Их сопровождение, состоявшее из солдат-негров, расстреляно, и туристов через всю пустыню везут в направлении Хартума. Они испытывают физические страдания, а потом кавалькадой овладевает фанатичный эмир, который настаивает на том, что пленников необходимо обратить в мусульманскую веру или предать смерти.
Человеческая натура проявляется в каждой строчке. Католики готовы и полны желания умереть за свою веру. Девушка-американка таким желанием не полна, но испытывает нажим со стороны своей старой и решительной тетки. Худощавый английский полковник бормочет, что предпочел бы, чтобы его конец наступил здесь, вместо того чтобы его продали в рабство в Хартуме, на самом же деле он считает, что обращение в мусульманство было бы не совсем приличным. Взбешенный французский агностик мог бы исповедовать любую веру, но не хочет, чтобы его принуждали к этому силой. «Я христианин, — кричит он, — и я им останусь». Через всю пустыню их преследует египетский верблюжий корпус, напряжение нарастает и достигает такой точки, что его уже больше невозможно сдерживать; каждый должен сделать свой выбор.
«Трагедия в Короско» наполнена быстро сменяющими друг друга действиями, за которыми почти не видны раздумья автора. Как и в «Старке Манро», но с еще большей силой встает некая конечная цель — трудиться во имя добра. Это не относится к французу. А между строк мы читаем, что в своем неповиновении дервишам почти все члены туристической группы в меньшей степени опираются на религию, нежели на человеческую гордость.
Таковы были умонастроения Конан Дойла, когда в январе нового года все семейство переехало в гостиницу в Мурлендсе, гораздо ближе к новому дому, чтобы наблюдать за его строительством. В этом доме в самом его центре и как главную достопримечательность он собирался поставить известный обеденный стол.
Это был тот самый стол, который принадлежал его деду Джону Дойлу и стоял на Кембридж-Террас; за ним сидели великие писатели, художники и политические деятели ушедшего века. Джон Дойл завещал его дяде Дику.
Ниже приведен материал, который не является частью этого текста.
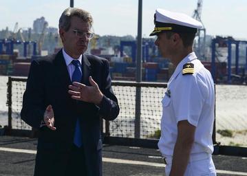 | Keywords: the honorable geoffrey r. pyatt thehonorablegeoffreyrpyatt u.s. ambassador to ukraine usambassadortoukraine commanding officer commandingofficer amphibious dock landing ship uss whidbey island lsd 41 amphibiousdocklandingshipusswhidbeyislandlsd41 dv tour dvtour distinguished visitor distinguishedvisitor odessa ukraine outdoor 160724-N-TI017-357 ODESSA, Ukraine (July 24, 2016) The Honorable Geoffrey R. Pyatt, U.S. ambassador to Ukraine, left, and Cmdr. Ethan Rule, commanding officer of the amphibious dock landing ship USS Whidbey Island (LSD 41), discuss the ship’s missions and capabilities on the flight deck July 24, 2016. Whidbey Island is participating in Exercise Sea Breeze 2016, an air, land and maritime exercise designed to improve maritime safety, security and stability in the Black Sea. (U.S. Navy photo by Mass Communication Specialist 2nd Class Nathan R. McDonald/Released) 160724-N-TI017-357 ODESSA, Ukraine (July 24, 2016) The Honorable Geoffrey R. Pyatt, U.S. ambassador to Ukraine, left, and Cmdr. Ethan Rule, commanding officer of the amphibious dock landing ship USS Whidbey Island (LSD 41), discuss the ship’s missions and capabilities on the flight deck July 24, 2016. Whidbey Island is participating in Exercise Sea Breeze 2016, an air, land and maritime exercise designed to improve maritime safety, security and stability in the Black Sea. (U.S. Navy photo by Mass Communication Specialist 2nd Class Nathan R. McDonald/Released) |
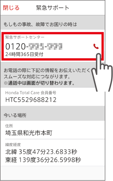 ワンタッチで「緊急サポートセンター」へ電話連絡ができます。
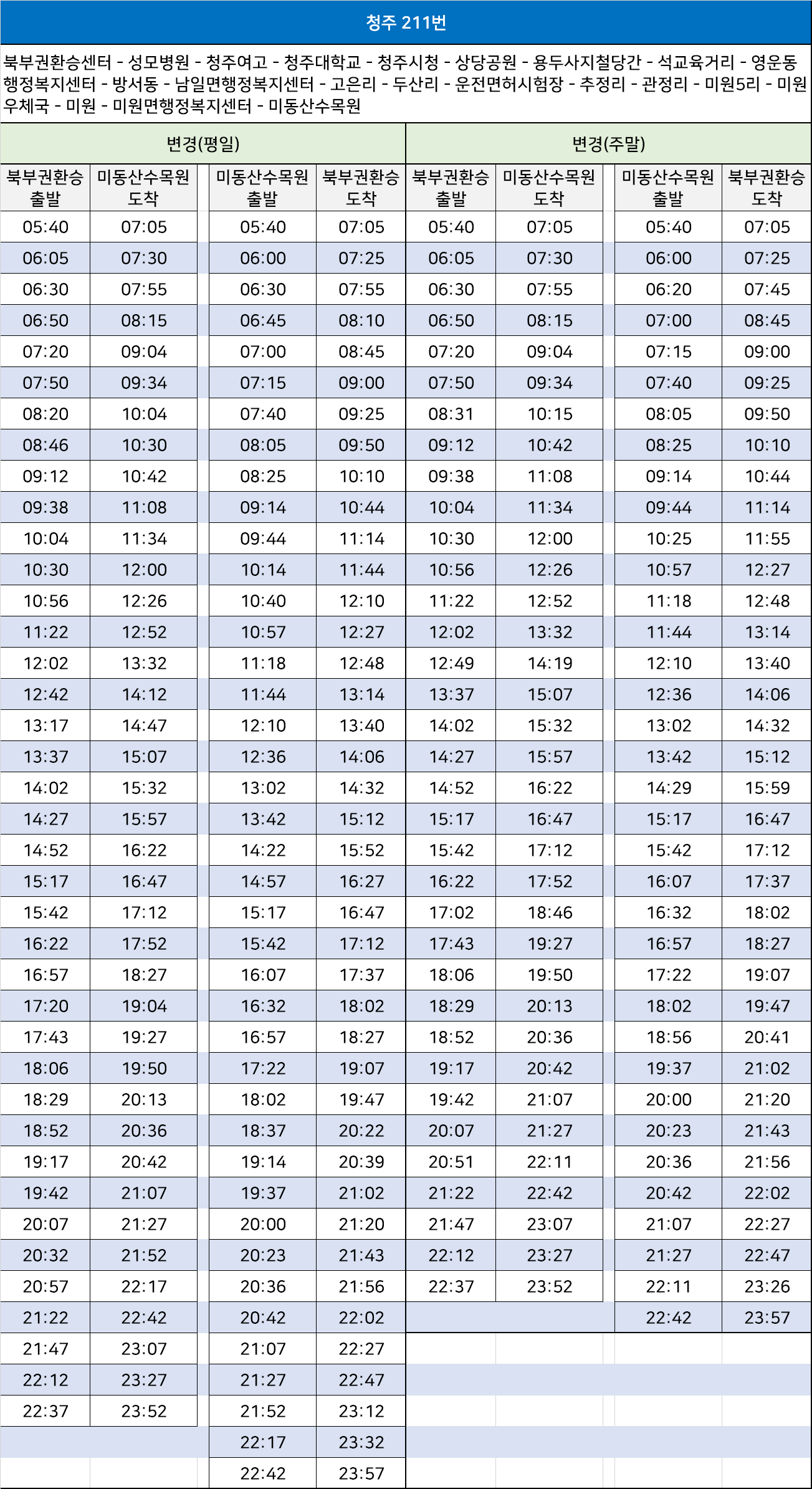 청주 211번 시내버스 시간표: 올챙이국 근처 승차장
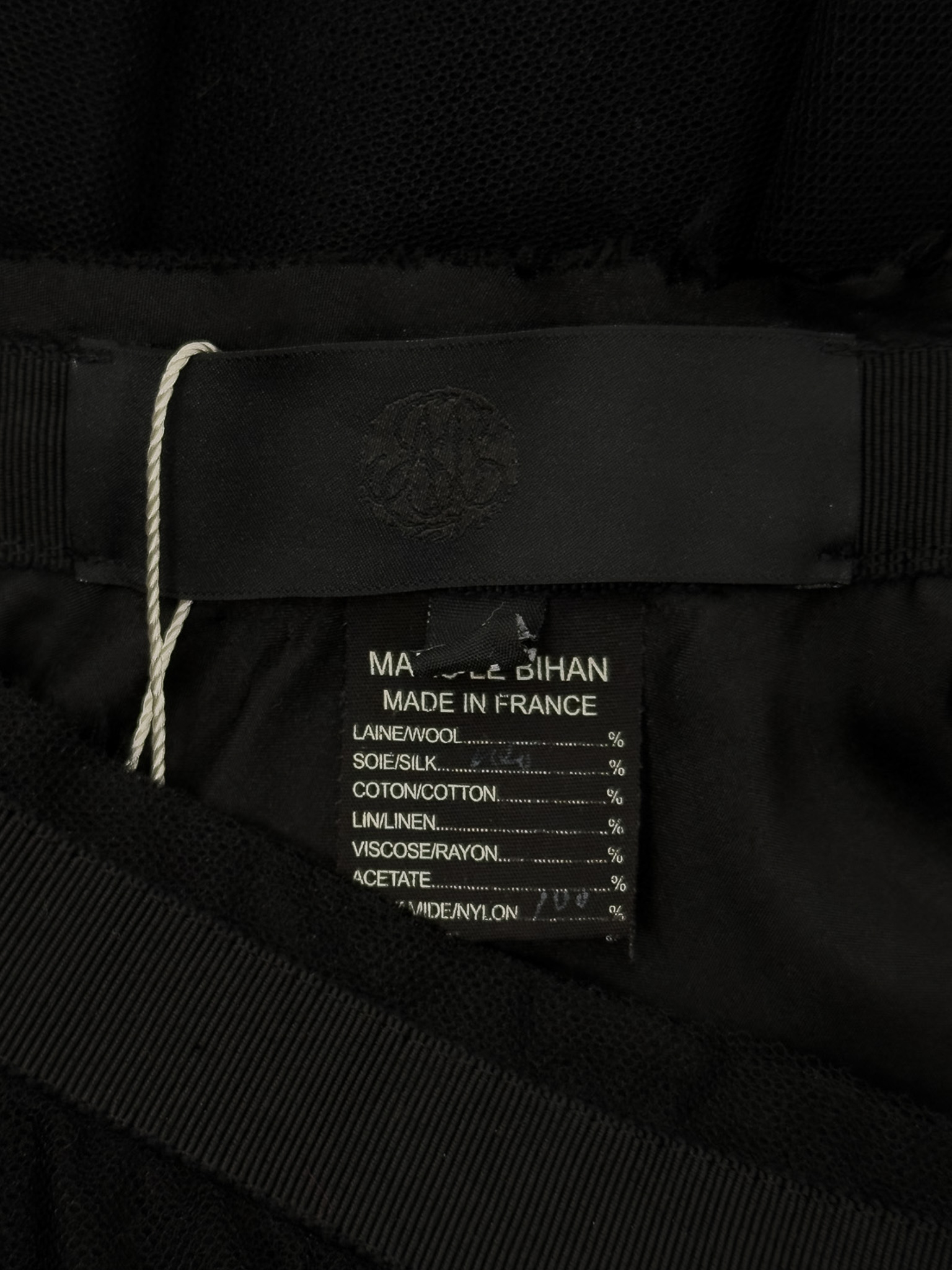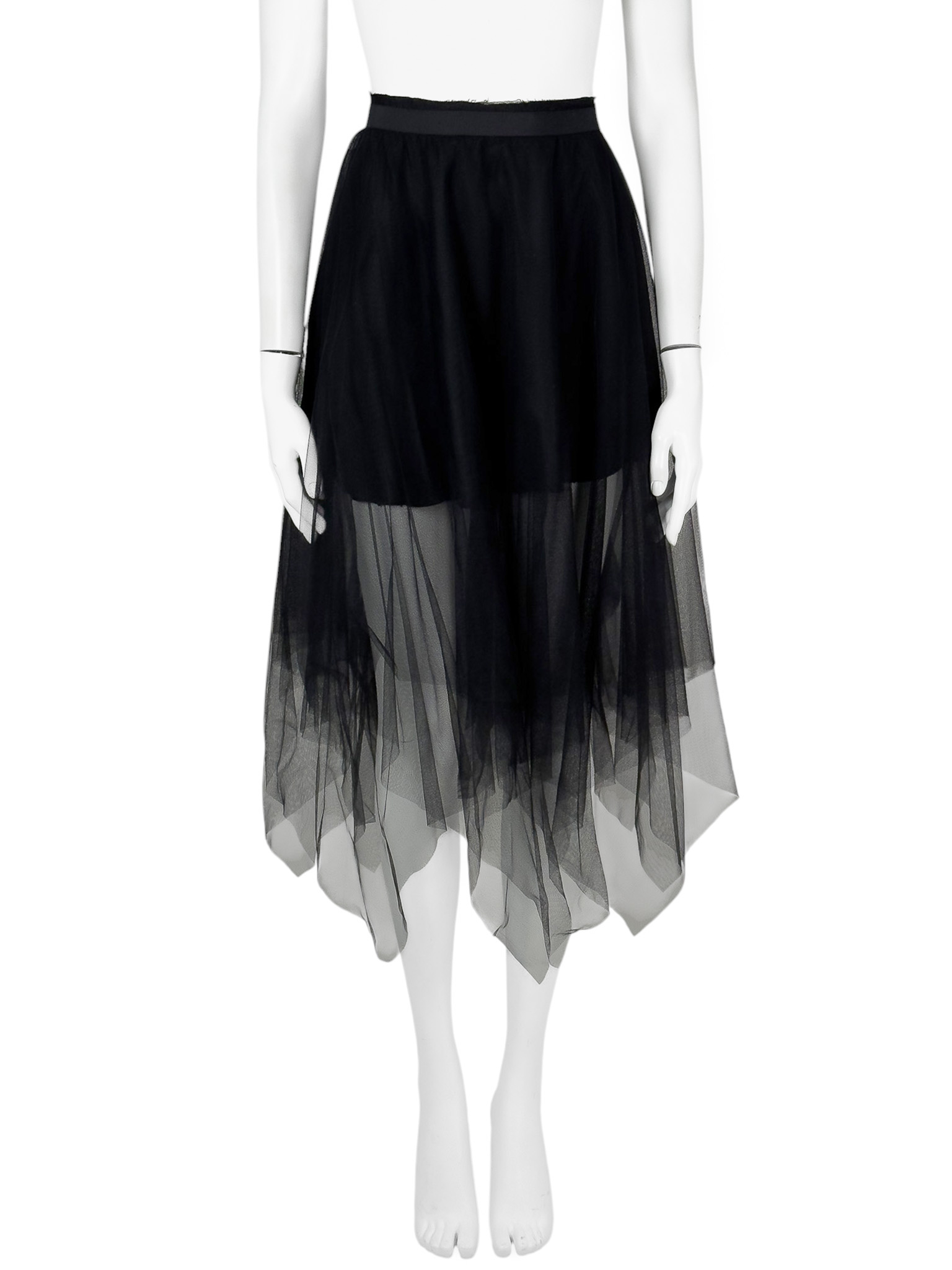 "Czarna tiulowa spódnica z krótszą podszewką, częściowo transparentna, czarna wstążka w pasie, zapinana na kryty suwak oraz haftkę. Rozmiar z metki FR 44. Stan bardzo dobry. Wymiary: szerokość w pasie 44cm, długość całkowita 83cm."
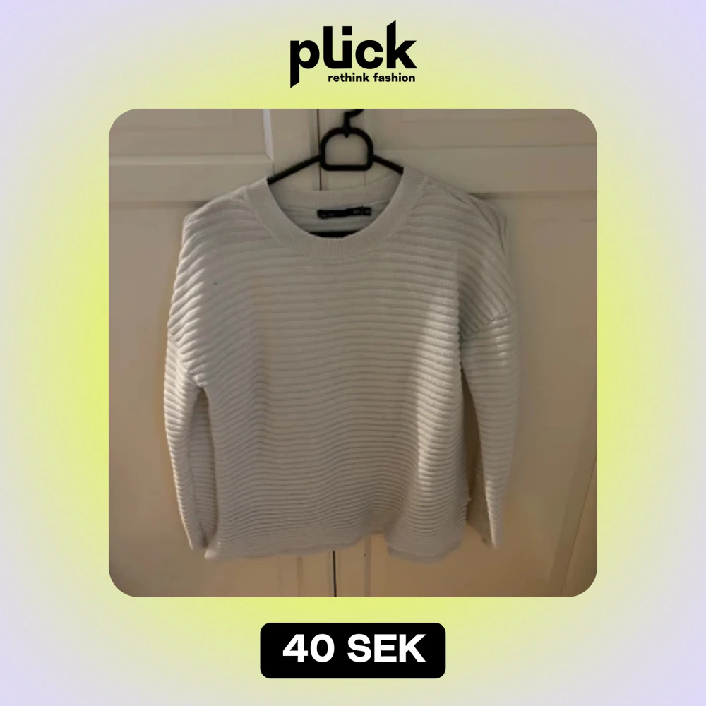 En vit stickad tröja med mönster som är i väldigt fint skick. Lite mönstrad i tyget. Storlek XS.

Потом он перешел к тете Аннетт, а после ее смерти — к ее любимому племяннику. Со времен его юности будто бы полированная поверхность этого стола все еще отражала лица Скотта, Колриджа и Теккерея. Он был символом величия. Любопытно, что об этом столе он думал именно в то время.
В жизни Артура Конан Дойла были три поворотных момента. Этого нельзя сказать о его женитьбе на Туи или о трагедии ее болезни; это были важные эпизоды, но не более. Первым моментом была его ссора с Дойлами по поводу католицизма, когда в двадцатидвухлетнем возрасте он захлопнул дверь на Кембридж-Террас и ступил на собственную стезю. Сейчас он приближался ко второму моменту. Он встретил мисс Джин Леки.